Description of the task:
Below are the entries; give again exactly the lines from the one mentioning "Dissertation note: اطروحة" through the one mentioning "文旅融合为琉璃搭建了更广阔的", inclusive.

Supplied records:
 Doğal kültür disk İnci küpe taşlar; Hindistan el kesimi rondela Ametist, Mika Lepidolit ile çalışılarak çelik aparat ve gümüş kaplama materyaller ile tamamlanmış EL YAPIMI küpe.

---

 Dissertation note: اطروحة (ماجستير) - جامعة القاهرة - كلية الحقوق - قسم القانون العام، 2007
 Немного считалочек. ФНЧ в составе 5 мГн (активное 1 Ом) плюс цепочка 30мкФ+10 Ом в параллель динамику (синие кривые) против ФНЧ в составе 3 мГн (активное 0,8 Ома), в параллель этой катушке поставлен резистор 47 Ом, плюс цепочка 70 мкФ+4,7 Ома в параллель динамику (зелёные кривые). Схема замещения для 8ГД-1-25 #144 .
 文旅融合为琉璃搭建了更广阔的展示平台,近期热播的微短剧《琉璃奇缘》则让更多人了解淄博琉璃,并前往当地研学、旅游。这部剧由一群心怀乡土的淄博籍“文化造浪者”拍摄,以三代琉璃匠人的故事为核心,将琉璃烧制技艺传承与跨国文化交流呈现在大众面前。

Output for this exercise:
 Dissertation note: اطروحة (ماجستير) - جامعة القاهرة - كلية الحقوق - قسم القانون العام، 2007
 Немного считалочек. ФНЧ в составе 5 мГн (активное 1 Ом) плюс цепочка 30мкФ+10 Ом в параллель динамику (синие кривые) против ФНЧ в составе 3 мГн (активное 0,8 Ома), в параллель этой катушке поставлен резистор 47 Ом, плюс цепочка 70 мкФ+4,7 Ома в параллель динамику (зелёные кривые). Схема замещения для 8ГД-1-25 #144 .
 文旅融合为琉璃搭建了更广阔的展示平台,近期热播的微短剧《琉璃奇缘》则让更多人了解淄博琉璃,并前往当地研学、旅游。这部剧由一群心怀乡土的淄博籍“文化造浪者”拍摄,以三代琉璃匠人的故事为核心,将琉璃烧制技艺传承与跨国文化交流呈现在大众面前。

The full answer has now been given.